In every case the goal of the data lab was identical — to improve public services using evidence-based decision-making which, in many cases, leveraged administrative data. But, beyond the goal, the models differ and we endeavor to evaluate the pros and cons of different approaches. Models in the case studies can be broadly segregated by 1) “Owners” of the lab; 2) “Customers” of the lab; 3) Services they offer and 4) Source of their analytic talent

  1. “Owners” of the data lab: Defining whether the data lab is positioned inside government or outside is important since it informs several other design elements of the data lab. For example, a data lab inside government, such as WSIPP and the Justice Data Lab, tends to have comparatively easier access to data by virtue of being part of the government agency as opposed to those positioned outside, such as the California Policy Labs, who need to negotiate individual data sharing agreements with multiple agencies before they can access data. But, the former requires more buy-in from government to set up and works primarily on projects mandated by its parent agency while the latter model affords more freedom in terms of the research questions the data lab might want to pursue.
  2. “Customers” of the lab: Some data labs cater exclusively to government agencies while others cater to government, academic and, much rarer, are those labs that service NGOs, In other words, they facilitate analysis by the social sector to evaluate their programs.
  3. Services offered: Since there are many elements that go into improving the ease of use of administrative data, these labs include diverse services such ascleaning data sets, combining data sets from multiple sources, storing data in secure facilities, analyzing data and sharing the findings. While some data labs, like CPL and WSIPP, have the resources, capacity and talent to do all of these themselves, others, like the Justice Data Lab and the IDS sites in AISP’s network, are focussed on providing more specialised services. The Justice Data Lab, during its initial pilot, only used one database, the police national computer, to provide NGOs one service- impact evaluation in terms of re-offending rates. The IDS sites in AISP’s network are focussed on integrating data from various agencies, across counties and states in order to make it easy for researchers to generate insights.
  4. Source of analytic talent: The talent gap is one of the primary issues faced by both government agencies as well as by NGOs. Broadly, there are two ways to fill this gap. In either case, the solution is not simply to have a group of data analysts or researchers who can perform statistical operations on datasets. They should also be able to generate useful and relevant insights from the results. This talent can come either from hiring full time data analysts, like in the case of the Justice Data Lab or by partnering with local universities and leveraging the skills of the faculty and researchers there as is the case with the California Policy Lab.

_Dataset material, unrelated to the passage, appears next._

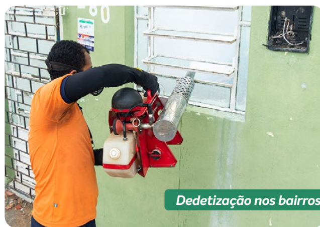
Detetização nos bairros

Ações de limpeza, controle de pragas e vigilância patrimonial, em conjunto com a segurança pública, seguem acontecendo nos bairros.

Cutting across jurisdictions and implementation models there was overwhelming agreement that the technology (both statistical tools as well as storage infrastructure) only creates opportunity but not the motivation and capacity to undertake evidence-based decision making. The importance of the human capital in setting up these labs, according to Fred Wulcyzn, Senior Research Fellow at Chapin Hall in Chicago, is generally understated. The aim of the data labs, apart from merely providing their services, is to lower the barrier of entry for individuals who want to be engaged in using administrative data for improving public programs and tackling difficult problems. In other words, to fill the talent gap highlighted earlier.

A multiplicity of factors contributes to the ability to stand up a data lab. The availability of relevant administrative data-sets, buy-in from government agencies to share data and from analysts to use it, as well as clearly defined frameworks regarding the ethical and responsible use of these data-sets are important enablers of the creation of a data lab.

A multiplicity of factors contributes to the ability to stand up a data lab. The availability of relevant administrative data-sets, buy-in from government agencies to share data and from analysts to use it, as well as clearly defined frameworks regarding the ethical and responsible use of these data-sets are important enablers of the creation of a data lab.

What are the Enabling Conditions for the Creation and Successful Operation of a Data/Policy Lab?

Government and Researcher Buy-in

“Often the people most interested in research, do not have the relevant data,” said Evan White, executive director at CPL-Berkeley, “and the people charged with stewarding the data do not have the resources to pursue research.”

The conundrum that people interested in doing research do not have access to the data and those with access to the data are not doing research is a familiar sentiment that resonates across the labs we studied. According to New Philanthropy Capital, the think tank behind the UK Justice Data Lab model, political support is one of the key criteria required to set up a data lab. WSIPP was set up when the state legislature was convinced of the need for evidence-based policy making while the Rhode Island Innovation Policy Lab (RIIPL) was set up for similar reasons (in the Rhode Island governor’s office). Since government is the data owner, it is of paramount importance that the relevant agency agrees to make the data available in a form suitable for analysis.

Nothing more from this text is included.